Some of those can be encapsulated in linters, but some of them are larger than than linters. And so is that when you're doing the specific guide for walking them through that process? Yeah. So, there's definitely things that linters aren't gonna be able to to do. Like, the linter won't be able to tell whether this this thing should be a model or a service class or something.

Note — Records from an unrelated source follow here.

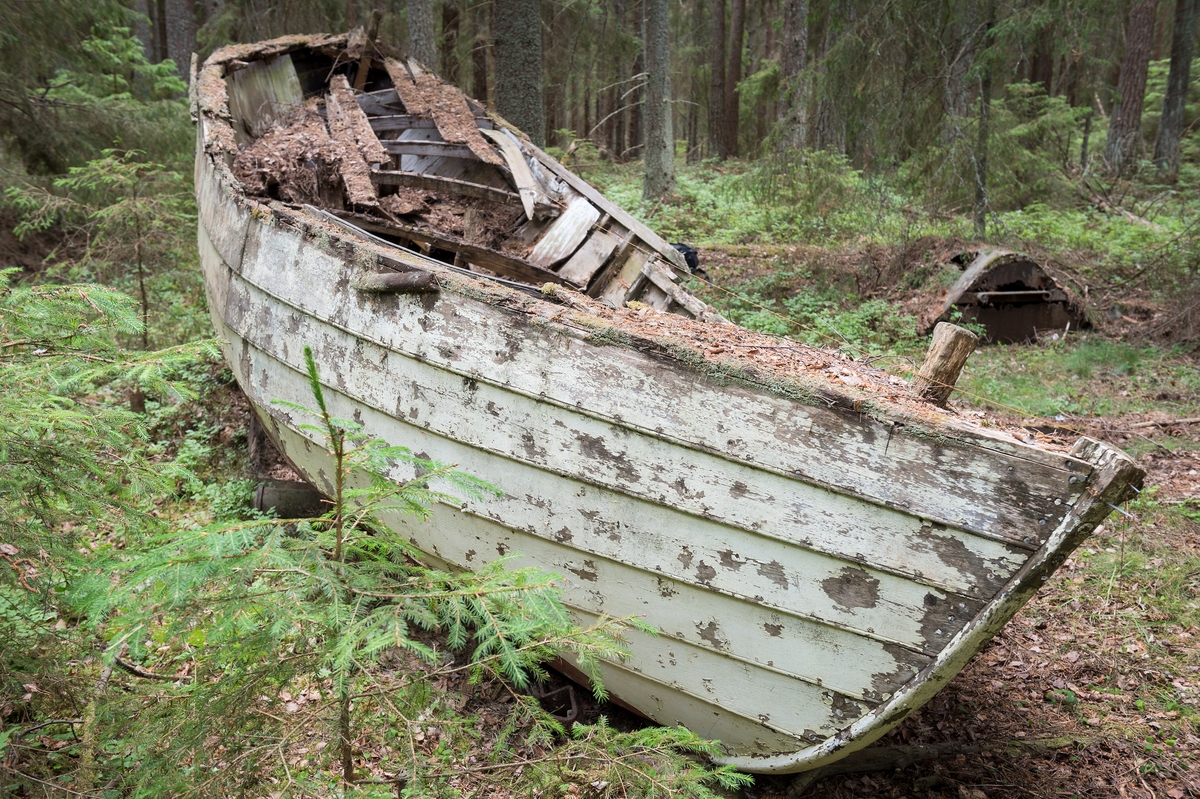 Titel: Förfallet vrak av baltisk flyktbåt i skogen på Järflotta. År 1943 användes båten av en grupp på fem för att fly från det Nargö och det ockuperade Estland till Sverige.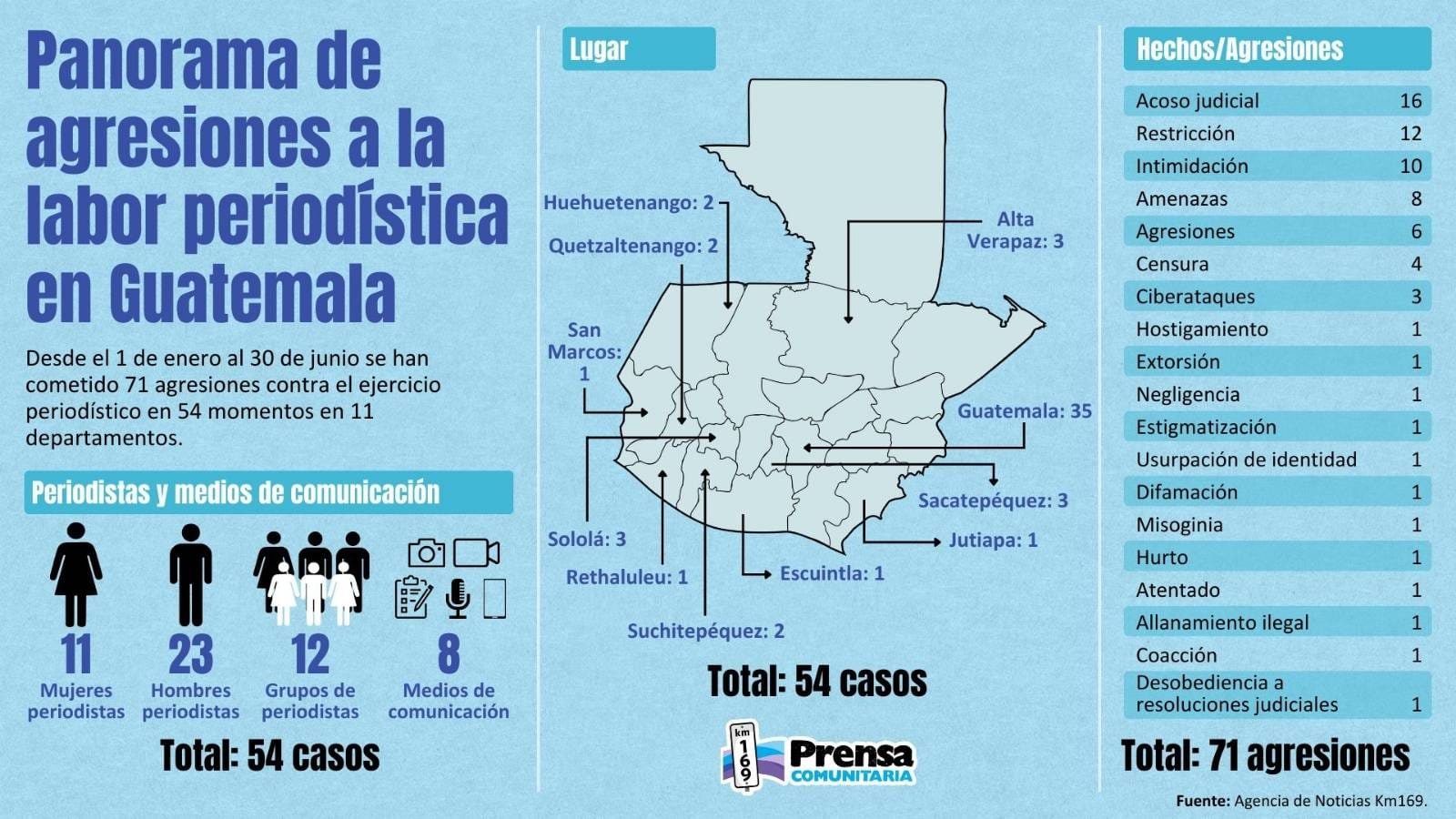 En el país las agresiones han alcanzado a José Rubén Zamora, lograron el cierre del medio escrito Elperiódico y la cárcel para Zamora por informar sobre los actos de corrupción en el gobierno de Giammattei. Solo en este año el programa de protección de la agencia de noticias Km 169, ya contabiliza de enero a junio, 71 agresiones contra el ejercicio periodístico que alcanzan 54 casos en total, con 11 a mujeres atacadas y 8 medios de comunicación.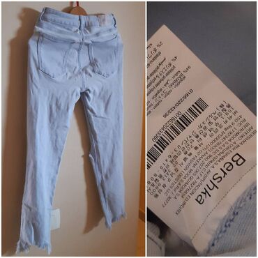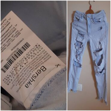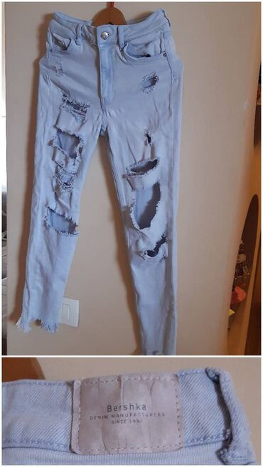 Bershka ženske farmerke – skinny, mid rise. Svetloplava isprana nijansa sa izraženim poderotinama napred i resama na nogavicama. Klasičan petodžepni kroj, rajsferšlus i metalno dugme, pojas sa petljama za kaiš. Veličina EUR 36 (USA 0, MEX 36). Dimenzije: dužina 88 cm, poluobim struka 29–36 cm, dubina napred 26 cm, pozadi 31 cm. Materijal prema etiketi: pamuk sa dodatkom elastina za rastezljivost. Cena naznačena na fotografiji: 400 rsd.

Right? It's not really gonna be able to it doesn't understand the business logic of it. So for things like that that we kinda have to rely on, like, little handbooks of being like, here. Like, we've codified our style guide, and we try to make sure that we keep that up to date. There are some things that we still teach through kind of tribal knowledge and code reviews.

Like, if someone submits a pull request and we notice it, we'll still correct it there, and we'll do a lot of pairing. So we'll get developers up to speed by working with people, as opposed to just going off on their own. But I think this is just a learning process. Like, we I don't think we are perfect at getting developers onboarded, and I don't think anyone is. And I think that's the important distinction, is you just it's an iterative process.

It's if you if you bring in 3 developers and they all have the same issue, that's probably when you might need to introduce some new documentation and be like, hey. Here's our new developer handbook. You might wanna read it. And then absolutely. And then on top of that, you have personalities too, and, you know, certain people gravitate towards certain things.

How what's your methods to when you have what I would consider external documentation, whether that's living in a Readme, it's not in a, a Ruby file or a HTML file or something like that. How do you guys have any triggers in order to hey. If something happens over here and we decide on a new paradigm, make sure you go update that guide documentation. Or is it, oh, just like, we brought a new person in, and we've got an this new convention that's not documented. Oh, jeez.

We gotta go update that documentation, and it's kind of a only when you discover it type of issue. So I think the answer is both. I I I definitely think we still have places where our documentation drifts, and then somebody notices and we're like, oh, shit. We gotta we gotta fix that. But we we all we also do leverage tools like, danger danger.

Js, like GitHub, where it can, like, look at code, and it's not necessarily like a linter of basically saying, like, hey. This is bad. But it can make a comment of being like, hey. You're doing something. Maybe this is related to this this link over here, and direct developers or whoever's reviewing to go take a look at the documentation.

Maybe there's no changes that require them. We definitely need to be careful about how much noise we generate. But, you know, if in the case of, like, a migration, if a developer writes, some a migration and then submits it, we could basically say, hey. Did you add a new file to, like, the DB migrate file? If so, like, make sure you're following, the gut steps in here, and make sure that it aligns.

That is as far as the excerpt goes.